Затем Флавий ушел, и Гракх отвел ее в комнату, приготовленную для ребенка. Там сидела рабыня, и Гракх кивнул женщине и объяснил.
— Она будет сидеть здесь всю ночь. Она ни на минуту не отведет глаз от ребенка. Не нужно бояться, что с твоим ребенком может случиться что-нибудь. Если ребенок заплачет, она сразу позовет тебя. Не нужно беспокоиться.
— Ребенок будет спать, — сказала Вариния. — Ты очень добр, но ребенок будет спать.
— Но тебе не придется прислушиваться к плачу ребенка. Как только это произойдет, она позовет тебя. Ты голодна? Ты ела?
— Я не ела, но я не голодна, — ответила Вариния, после того как положила ребенка в кроватку. — Я слишком волнуюсь, чтобы у меня был какой-нибудь аппетит. Я чувствую, что я во сне. Сначала я боялась доверять людям, но теперь я тебе верю. Я не знаю, зачем тебе делать такое для меня. Боюсь, мне это снится, и в любой момент я проснусь.

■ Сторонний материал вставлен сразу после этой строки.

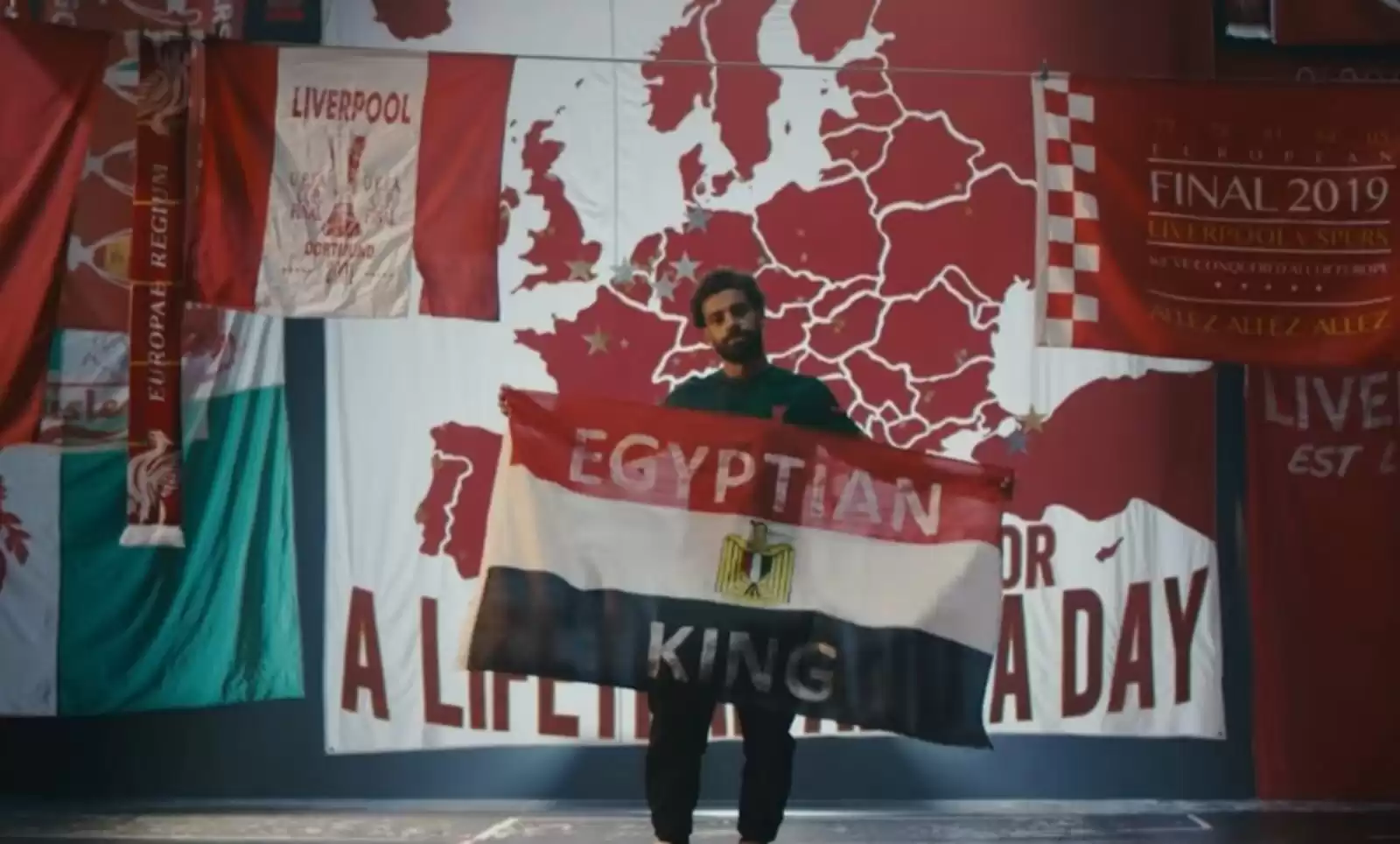 وظهر محمد صلاح خلال حفل الترويج، بعلم مصر أثناء تقديم قميص نادي ليفربول الثالث هذا الموسم، رفع صلاح علم مصر مكتوبا عليه “الملك المصري”.

— Но ты посидишь со мной, пока я заканчиваю ужин, и, возможно, ты тоже захочешь есть.
— Да, я посижу.
Они вернулись в столовую, и Вариния устроилась на кушетке, стоящей под прямым углом к той, где сидел Гракх. Он не мог отстраниться. Он сидел, скорее напряженно, не в силах отвести взгляд от Варинии. Ему с некоторым удивлением пришло в голову, что его ничто не беспокоит, он не боится, а скорее наполнен большим счастьем, чем испытывал когда-либо в своей жизни. Это был вопрос удовлетворенности. За всю свою жизнь он никогда не испытывал такого чувства удовлетворения. Ему казалось, что с миром все в порядке. Болезненные несоответствия в мире, исчезли. Он был дома, в своем доме, в своем благословенном городе, в своем прекрасном городе, и он был наполнен огромной исходящей любовью к этой женщине, столкнувшейся с ним. Он теперь не пытался отследить комплекс, который фиксировал единственный акт любви во всем его существовании на жене Спартака; он думал, что понял, но у него не было желания прощупать его в себе и наложить на него руки.